- **Task input**:
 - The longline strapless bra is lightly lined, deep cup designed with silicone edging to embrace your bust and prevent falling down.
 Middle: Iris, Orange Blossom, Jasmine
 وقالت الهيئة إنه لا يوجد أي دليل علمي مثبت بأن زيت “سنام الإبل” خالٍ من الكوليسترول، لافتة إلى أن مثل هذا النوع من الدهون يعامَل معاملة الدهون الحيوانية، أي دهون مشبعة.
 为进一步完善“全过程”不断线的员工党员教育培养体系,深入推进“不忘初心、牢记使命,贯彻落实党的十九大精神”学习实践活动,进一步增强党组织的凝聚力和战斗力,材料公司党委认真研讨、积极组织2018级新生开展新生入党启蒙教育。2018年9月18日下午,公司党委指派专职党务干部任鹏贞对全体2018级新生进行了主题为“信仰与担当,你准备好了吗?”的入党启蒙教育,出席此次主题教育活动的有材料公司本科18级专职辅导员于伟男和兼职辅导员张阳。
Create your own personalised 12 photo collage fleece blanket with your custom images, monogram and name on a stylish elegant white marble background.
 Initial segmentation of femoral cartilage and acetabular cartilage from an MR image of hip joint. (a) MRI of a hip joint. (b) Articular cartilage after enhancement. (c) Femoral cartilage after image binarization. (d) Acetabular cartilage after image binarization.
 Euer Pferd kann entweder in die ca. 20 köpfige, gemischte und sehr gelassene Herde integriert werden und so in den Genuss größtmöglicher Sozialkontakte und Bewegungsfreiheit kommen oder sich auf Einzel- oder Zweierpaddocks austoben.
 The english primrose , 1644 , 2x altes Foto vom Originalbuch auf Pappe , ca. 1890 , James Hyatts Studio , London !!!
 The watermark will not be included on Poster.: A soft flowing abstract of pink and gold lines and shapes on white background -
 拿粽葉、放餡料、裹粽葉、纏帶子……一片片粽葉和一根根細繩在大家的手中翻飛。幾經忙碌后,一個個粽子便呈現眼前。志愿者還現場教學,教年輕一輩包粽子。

- **Work order**:
Go line by line through the records above and copy each one containing "with".

- **Your solution**:
 - The longline strapless bra is lightly lined, deep cup designed with silicone edging to embrace your bust and prevent falling down.
Create your own personalised 12 photo collage fleece blanket with your custom images, monogram and name on a stylish elegant white marble background.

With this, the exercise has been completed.